- Data:
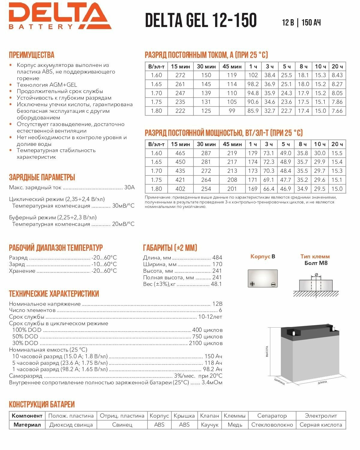 Аккумуляторная батарея Delta GEL 12-150 12V 150Ah аккумулятор для ИБП, UPS информация:
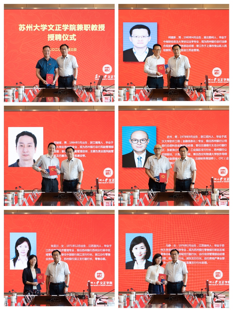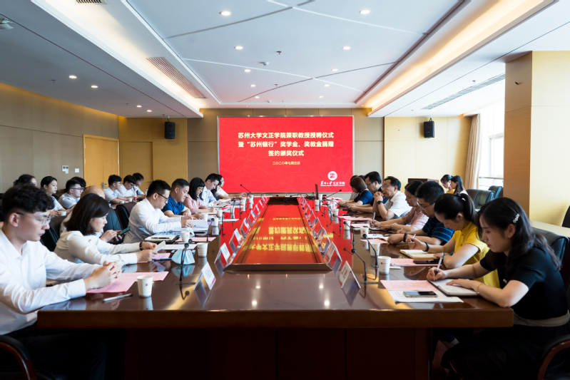 7月3日下午,我院兼职教授授聘仪式暨“苏州银行”奖学金、奖教金捐赠签约颁奖仪式在综合楼三楼大会议室顺利举行。苏州银行人力资源总监钱凌欣先生,苏州银行苏银金融学院院长樊丽恒女士,苏州银行总行法律合规部总经理柯建新先生,苏州银行总行风险管理部副总经理范俊斌先生,苏州银行公司银行总部科创金融部总经理史杰先生,苏州银行吴中区域零售总裁朱亚川女士,苏州银行新区区域零售总裁马静女士,苏州银行总行人力资源部教育培训中心副经理徐侃女士,我院院长吴昌政,副院长施盛威,院长助理、学生工作部部长(兼)卞海勇,人事处处长周文军,学生处处长祁素萍,招生就业处处长宋丹以及“苏州银行”奖学金、奖教金获奖师生参加了此次仪式。仪式由祁素萍主持。
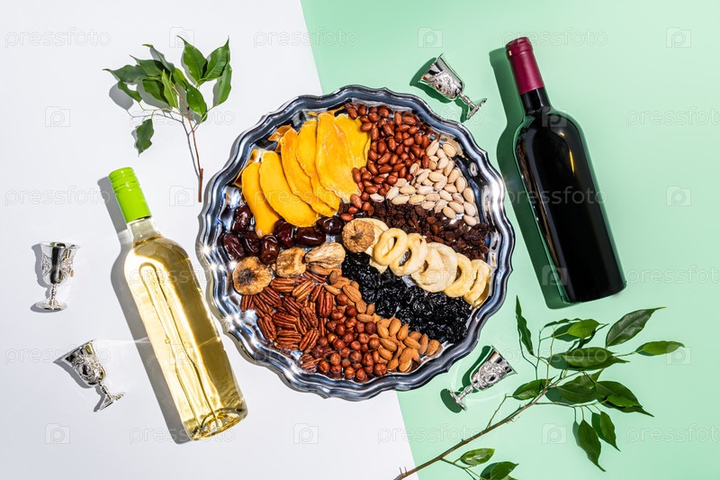 Традиционные угощения на праздник Ту би шват на белом фоне. Подносы с сухофруктами, орехами, бутылки красного и белого вина. серебряные рюмки

- What you need to do:
Transcribe the material as is, with images omitted.

- Expected answer:
 Аккумуляторная батарея Delta GEL 12-150 12V 150Ah аккумулятор для ИБП, UPS информация:
 7月3日下午,我院兼职教授授聘仪式暨“苏州银行”奖学金、奖教金捐赠签约颁奖仪式在综合楼三楼大会议室顺利举行。苏州银行人力资源总监钱凌欣先生,苏州银行苏银金融学院院长樊丽恒女士,苏州银行总行法律合规部总经理柯建新先生,苏州银行总行风险管理部副总经理范俊斌先生,苏州银行公司银行总部科创金融部总经理史杰先生,苏州银行吴中区域零售总裁朱亚川女士,苏州银行新区区域零售总裁马静女士,苏州银行总行人力资源部教育培训中心副经理徐侃女士,我院院长吴昌政,副院长施盛威,院长助理、学生工作部部长(兼)卞海勇,人事处处长周文军,学生处处长祁素萍,招生就业处处长宋丹以及“苏州银行”奖学金、奖教金获奖师生参加了此次仪式。仪式由祁素萍主持。
 Традиционные угощения на праздник Ту би шват на белом фоне. Подносы с сухофруктами, орехами, бутылки красного и белого вина. серебряные рюмки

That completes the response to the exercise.